"Oh, I found him, and now I've thrown him away," I sobbed to myself.
Then, as I sat listening, I heard the faltering steps come out into the
hall above, descend the steps one by one, go through the dark dining
room groping pitifully, and down the side steps out into the beloved
garden. Silently I watched the tall figure with the white hair silvered
radiantly by the moonlight go slowly down the path, past the old
graybeard poplars, and even up to the lilac hedge that ran as a bulwark
in front of the dark chapel door, which I could see was ajar as it
always is.
"He's going for help," I muttered to myself, and I felt the padding of
fear pursuing me, while also something of the Methodist grandmother
within me began a queer calling and a tightening at my throat.
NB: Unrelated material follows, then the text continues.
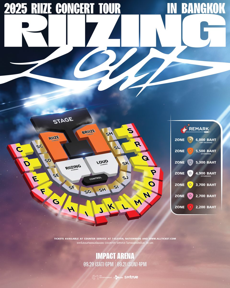 SM True (เอสเอ็ม ทรู) ปลุกพลังแห่งเสียงดนตรีให้ดังกึกก้องทั่วอิมแพ็ค สู่เส้นทางการเติบโตอย่างไม่หยุดยั้งของ RIIZE (ไรซ์) กับคอนเสิร์ตเดี่ยวเต็มรูปแบบครั้งแรกในประเทศไทย 2025 RIIZE CONCERT TOUR [RIIZING LOUD] IN BANGKOK (ทูเธาซันด์ทเวนตี้ไฟว์ ไรซ์ คอนเสิร์ต ทัวร์ [ไรซิ่ง ลาวด์] อิน แบงค็อก) ในวันเสาร์ที่ 20 กันยายน 2025 เวลา 18:00 น. และวันอาทิตย์ที่ 21 กันยายน 2025 เวลา 16:00 น. ณ อิมแพ็ค อารีน่า

Then something happened that interested me so that I lost all personal
anxiety. Father stopped beside the hedge and picked up something from
the grass. I saw it was a long, heavy hoe. Walking over to a long bed of
early roses he and Dabney had been fertilizing in the late afternoon, he
bent feebly and began to dig the food into their roots. As he swung the
long handle, each blow upon the soft earth became more decided. I crept
down behind the old snowball bush to be nearer him; I didn't dare go to
him in his fight, because I had in my selfish heedlessness brought it
all on, but in a little while he was not alone, for a bent old figure
with grizzled white wool sticking out from under a red flannel nightcap
came quietly along the path with a hoe in his hand, fell in directly
behind his master, and began a rhythmic blow-answering-blow contest with
the fragrant earth and the demon within the man. For at least an hour
the two old friends worked up and down the long bed, until I could see
father begin to totter with weakness.
"Now, come on, Mas' Nick, honey, and go to bed. I'll pour a bucket of
cistern water over you and rub you down so as you'll sleep like a bug in
a rug," the staunch old comrade crooned, with a mother note in his
voice, as he took father's heavy hoe and shouldered it with his.
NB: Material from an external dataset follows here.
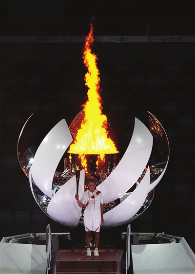 图为日本运动员大坂直美在开幕式上点燃主火炬。 新华社 发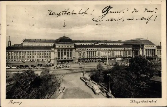 Ak Leipzig in Sachsen, Hauptbahnhof, Straßenbahn

"I think evening exercise is good for me, Dabney," answered father with
all the dignity and command come back into his voice. "Put both those
hoes in the tool house this time, and I'll not tell Mr. Goodloe you
left one down by the lilac hedge."
"Yes, sir, thanky, sir, fer not telling him," answered Dabney, as he
followed his master to the tool house under the back steps, deposited
the garden implements where he was directed, and then again followed his
idol in through the long dining room window and was lost in the shadow.